Story for performance #799
webcast from London at 07:57PM, 28 Aug 07

On the 19th January 2008 a horse was discovered wandering about the Meadowhall shopping centre, Sheffield. Deputy Security Supervisor Steve Bidcup was the first to spot the animal—drifting from one CCTV monitor to another like a ghost, trotting unperturbed along the service corridor that linked House Of Fraser to its dedicated loading bay—and before the alarm could be properly raised the horse had managed to enter a public area, at the far end of the concourse known as ‘Park Lane’.

The reaction of the shoppers present that afternoon was remarkable. Despite the fact that it was 5.52 on a Saturday and the mall was simmering with the usual consumer tensions implicit in the last desperate scrape towards closing time, the crowds outside Debenhams simply stopped in their tracks and silently, almost reverently, watched the impossible creature wander amongst them. Sure, a child or two produced the occasional whoop or tootle, but for roughly three minutes all you could hear was Bryan Adams creaking uselessly from the PA system and the clop, clop, clop of hooves on heavy duty tiling.

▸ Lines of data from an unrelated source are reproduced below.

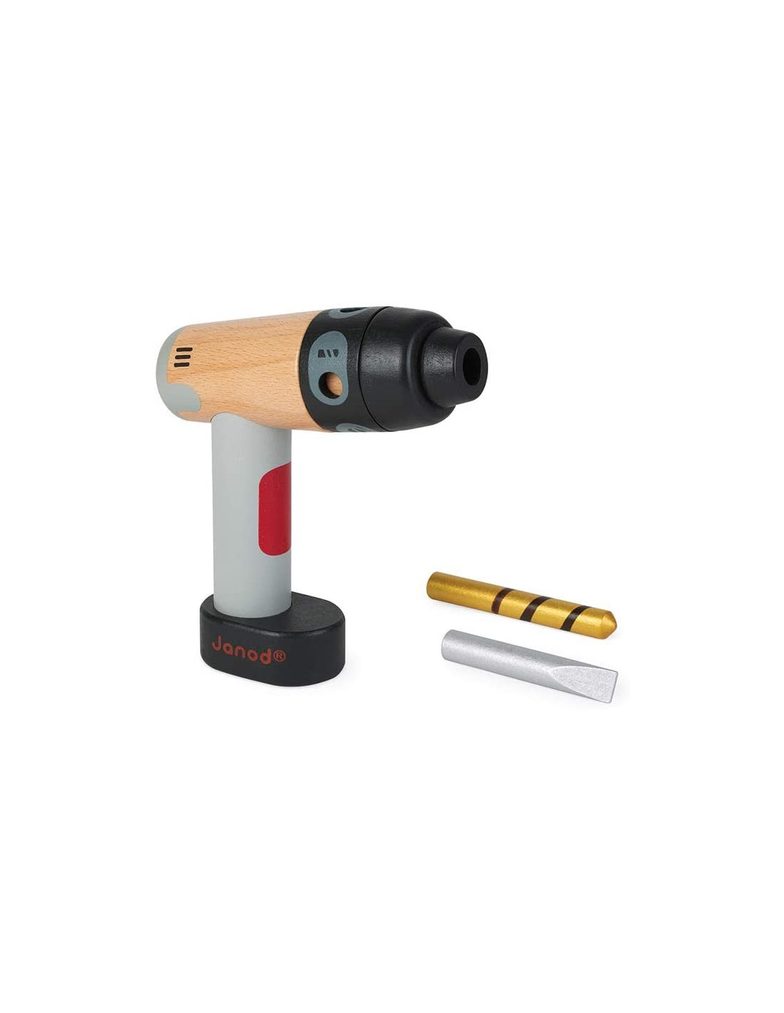 - CARACTERÍSTICAS: Contiene 1 taladro para madera, 2 accesorios para taladrar, atornillar / desatornillar. Dimensiones del juguete: Largo 18,5 cm x Ancho 4,5 cm x Alto 14,5 cm. Material (s) utilizado (s): Madera (maciza). Rango de edad recomendado: de 3 a 8 años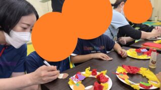 おやつ作り 秋を作って🍄 今日は朝からよく晴れ、気持ちのいい1日となりました!時折吹く風は少し冷たく、夏とは違う風を感じますね(^^♪今日の午前中は、みんなで秋のリース作りを行いました🍁紙皿を土台にした部分に赤と黄色の花紙を丸めてくっつけます!固く丸めてしまうと隙間... 2025.09.27 おやつ作り信州中野教室個別療育療育センター秋の味覚自立課題運動遊び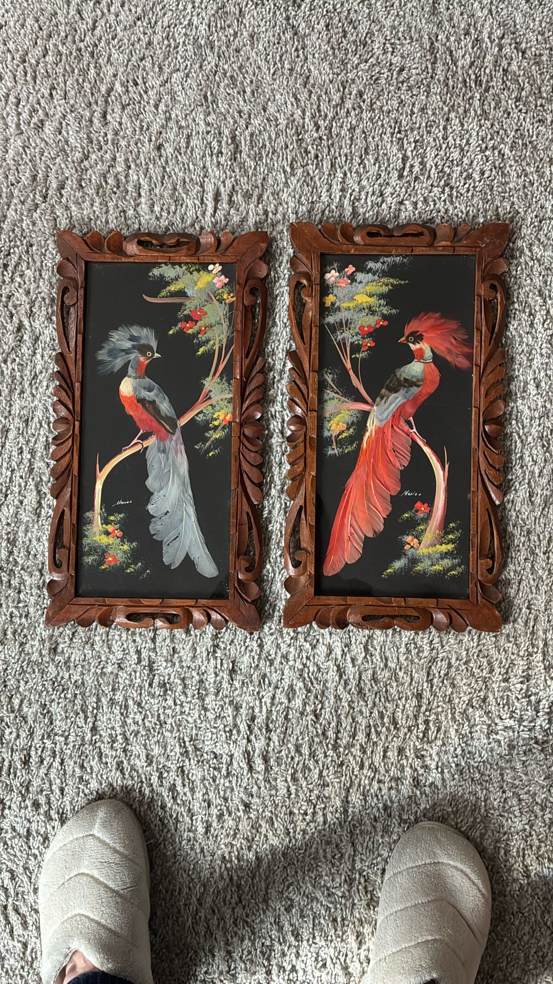 Two pictures made in Mexico with the story of the Mexican feather craft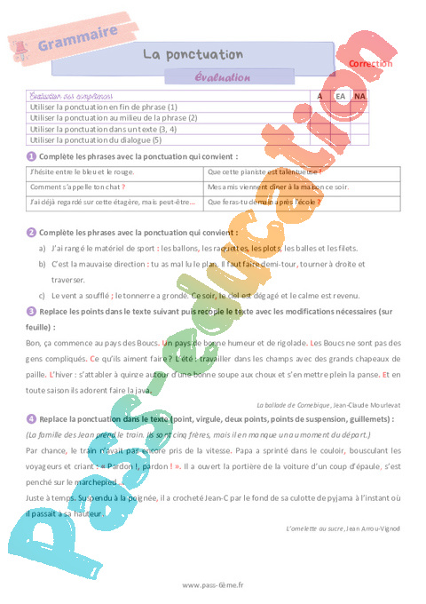 Correction La ponctuation – Evaluation de grammaire pour la 6eme Primaire pdf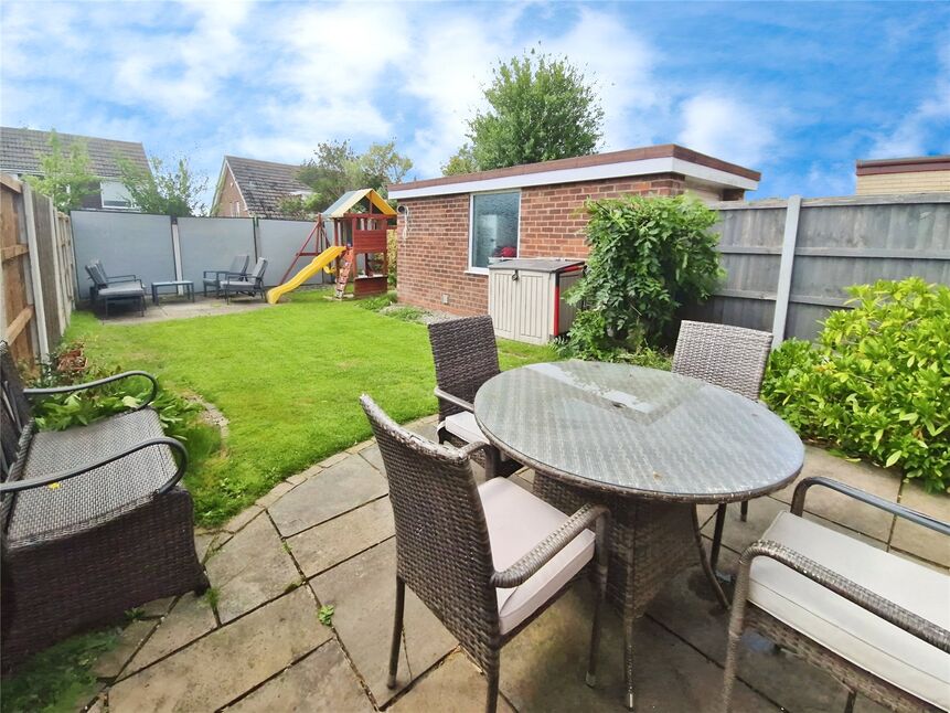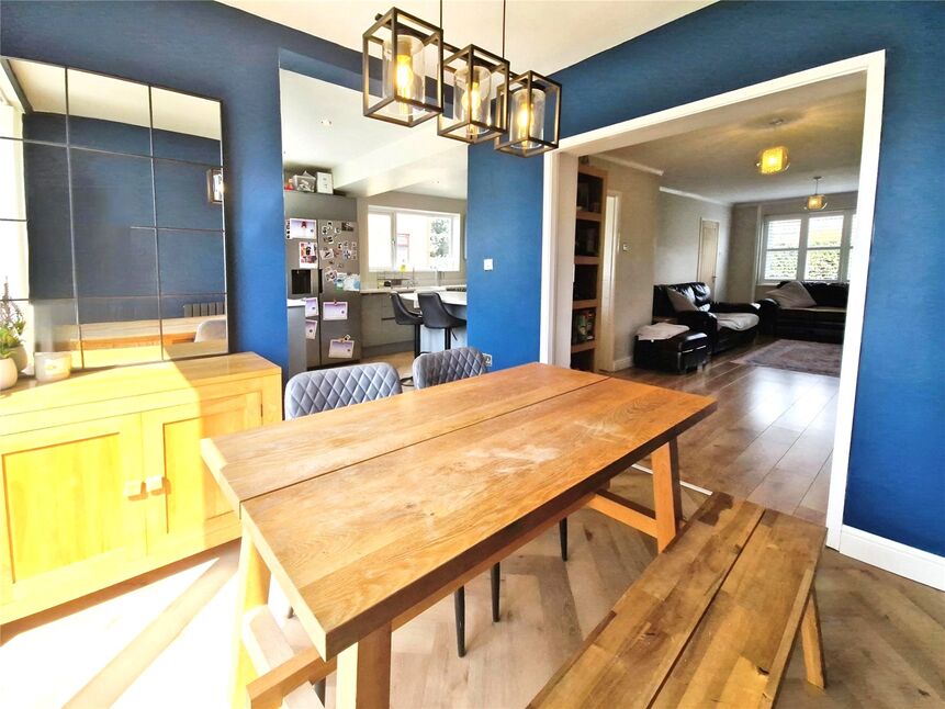 Externally, there is a front garden with driveway to the side for multiple vehicles, leading to the detached garage at the rear. There is a fantastic size rear garden with lawn and patio seating areas to both the front and back of the garden.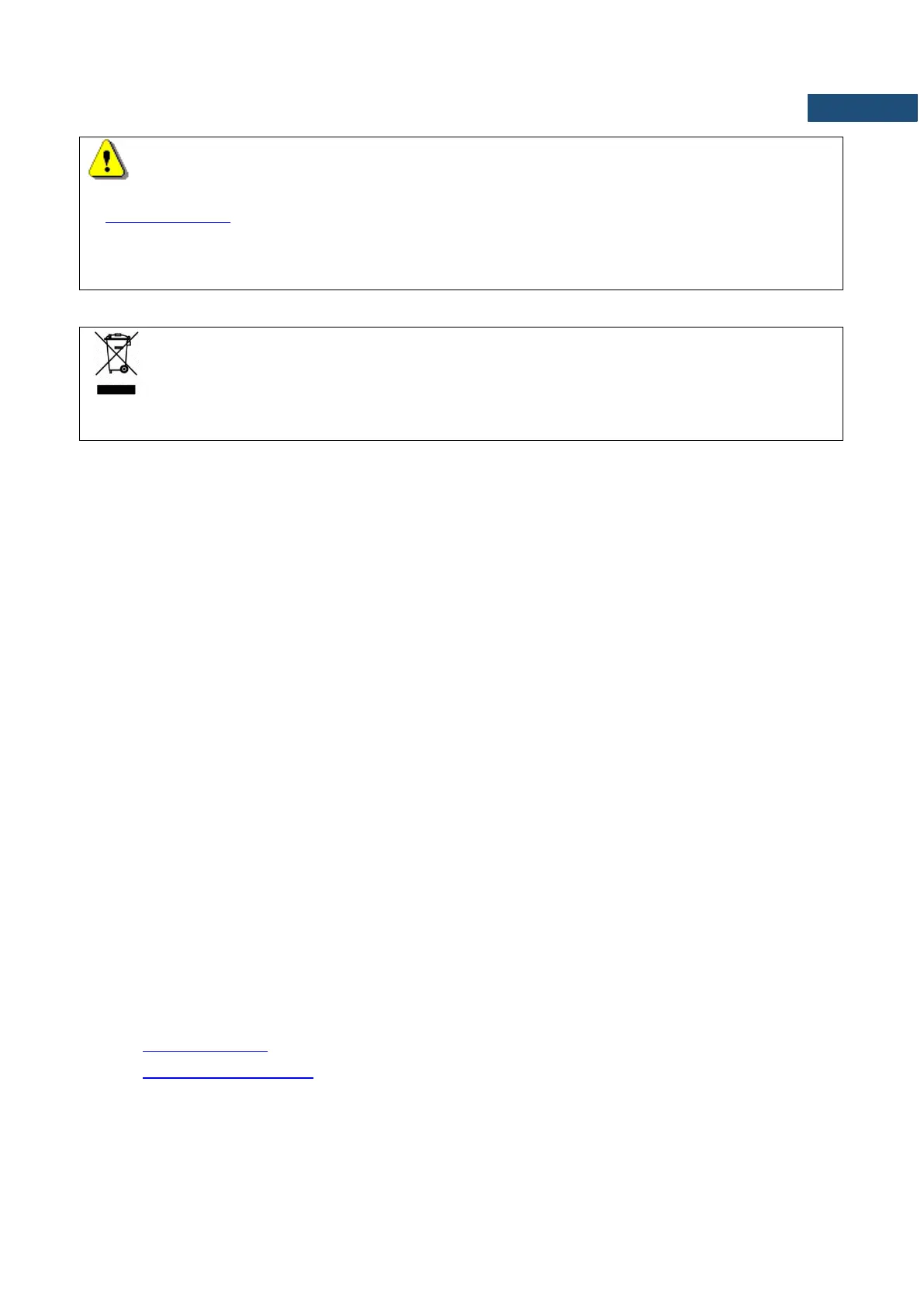 WEEE Note: Do not throw the device away with the unsorted municipal waste at the end of its life.
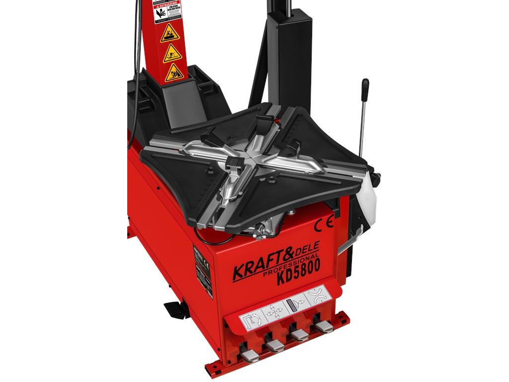 Profesionálny montážny stroj na pneumatiky KD5800 značky Kraft&Dele je zariadenie navrhnuté pre intenzívnu prevádzku v dielňach a vulkanizačných servisoch. Vďaka prídavnému ramenu a automatickému ovládaciemu systému výrazne zvyšuje efektivitu práce a komfort obsluhy. Robustná konštrukcia, vysoká sila demontážneho ramena a široký rozsah podporovaných ráfikov zabezpečujú, že prístroj si poradí aj s tými najnáročnejšími kolesami.
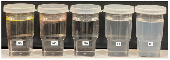 The resulting emulsions of F1–F3 formulations experienced poor homogeneity (oil floats on the water). In particular, F1 (FSO) and F2 (BSO) showed yellowish and reddish colors on the water surface (Figure 4), respectively. For poor dispersibility (large droplets) and hazy appearance, these F1–F3 formulations were not categorized as bio-SNEDDS and were instead named as oil-only formulations. However, due to the presence of nonionic surfactant Tween 80 (refined) and polar mixed mono- and di-glycerides (Imwitor 988) in formulations F4 and F5, the emulsions produced were fine (semi-transparent systems with no discernible particulates) following aqueous dispersion. These two formulations produced homogeneous emulsion droplets that were slightly bluish in appearance. However, the anhydrous state of F4 showed partial physical separation over time and was not completely miscible, which might be due to the presence of the natural crude oil FSO. Accordingly, only F5 showed complete excipients miscibility (in an anhydrous state) and homogenous aqueous dispersion (upon dilution) and, therefore, were tagged as bio-SNEDDS.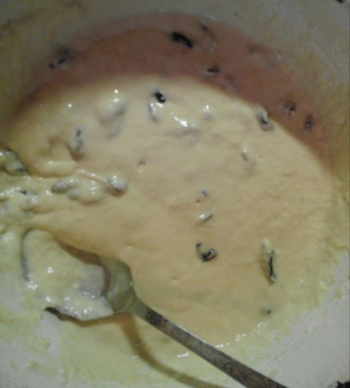 Вмешала венчиком изюм в тесто, вот так должно получиться. Накрыла тазик и оставила тесто на 15 минут, чтобы сода разошлась и клейковина муки разбухла.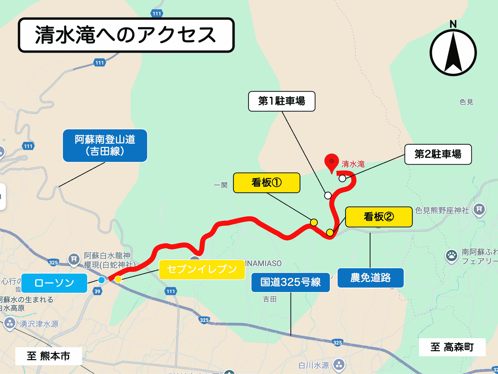 1. 国道325号線の「ローソン」と「セブンイレブン」がある交差点を阿蘇山方面に曲がり農免道路に入る。
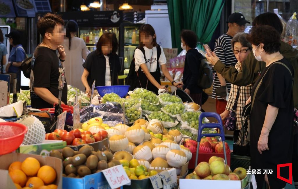 추석 연휴를 일주일 앞둔 21일 서울 마포구 망원시장을 찾은 시민들이 제수용품을 구입하고 있다. 사진=조용준 기자 jun21@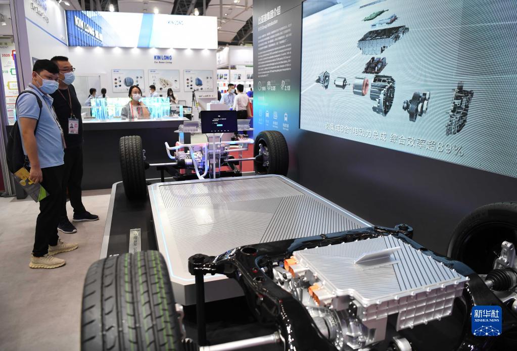 这是在第130届广交会上拍摄的比亚迪刀片电池展台(2021年10月15日摄)
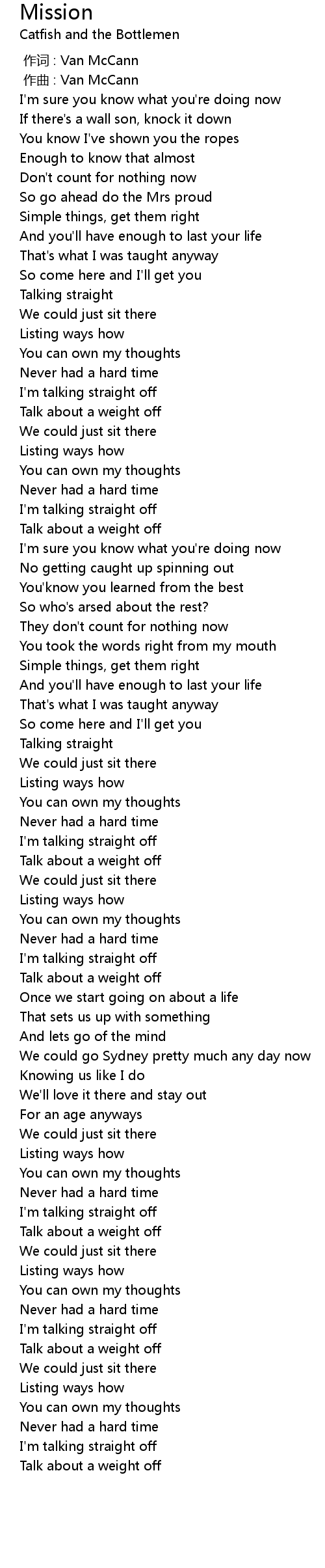 | [01:36.85] | Talking straight |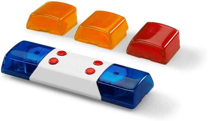 Nu kan du sætte lys og lyd på din travle BRUDER-verden af entreprenørmaskiner og køretøjer. Tilbehørssættet indeholder blinkende lygter med klæbende overflade, så du nemt kan sætte dem på dine køretøjer, og 3 signallamper (2 orange og 1 rød). Tryk på knap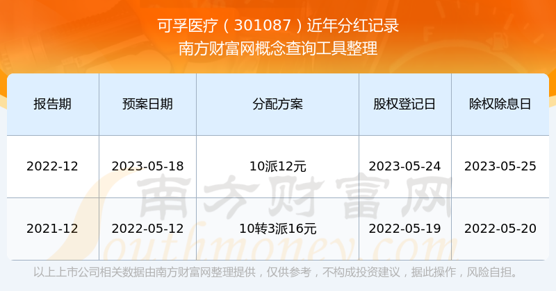 可孚醫(yī)療最新一次公布的分紅方案為10派12元。本次權(quán)益分派股權(quán)登記日為2023年5月24日,除權(quán)除息日為2023年5月25日,派息日為2023年5月25日。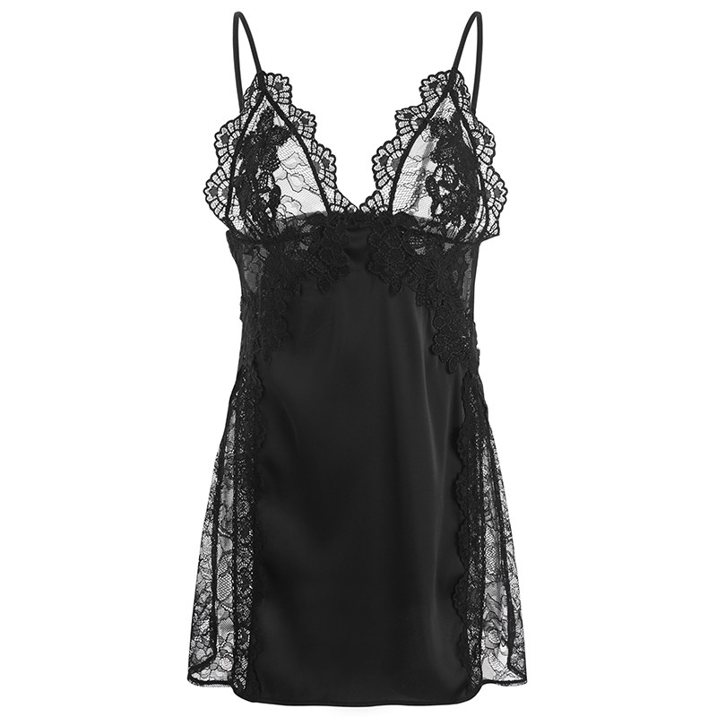 Sexy pajamas women's summer temptation ice silk suspenders nightdress thin section private hot lace short skirt home service autumn and winter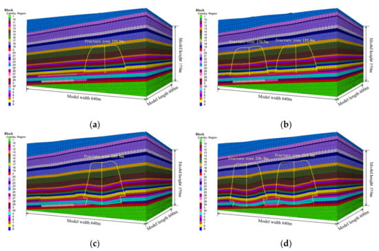 According to the three-dimensional model, the distribution law of the height of the two zones under repeated mining in the close-distance coal seam working face is shown in Table 5, and it can be ascertained from the comprehensive development height of the two zones: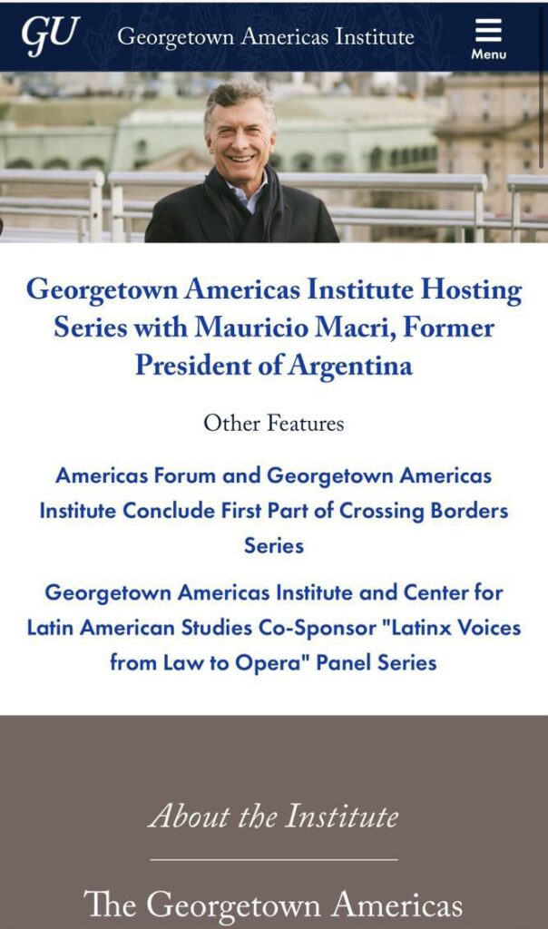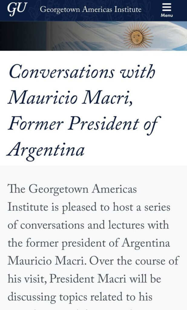 Las conferencias son organizadas por el Georgetown Americas Institute de esa casa de estudios, que programó para hoy una conferencia de Macri bajo el título «Reflexiones sobre liderazgo«, mientras que la charla de mañana se convocó bajo la consigna «Lecciones de una Presidencia«.

Maybe the shoppers’ reverence was for the grace and majesty of the beast—brilliant white, lithe and muscular, regal in bearing. But it’s more likely that they were shocked into silence by something else altogether: namely, that the horse was utterly covered in struck-home arrows, shafts peppering its hide, bristling, porcupined. And across the animal’s skin: darkened patches of what was unmistakably blood, dried and caked by some appalling and unmerciful sun, and most of all the terrible puddles of gore still sloshing about the leather saddle on the horse’s back. As this equine Saint Sebastian sauntered past open-mouthed gawkers and wide-eyed, whitening faces, further onlookers assembled in the upper level of the arcade, peering down at the horse as it moved from atrium to atrium. It gave the shopping centre an air of the bullring, and of the tense silence just before the bull drops.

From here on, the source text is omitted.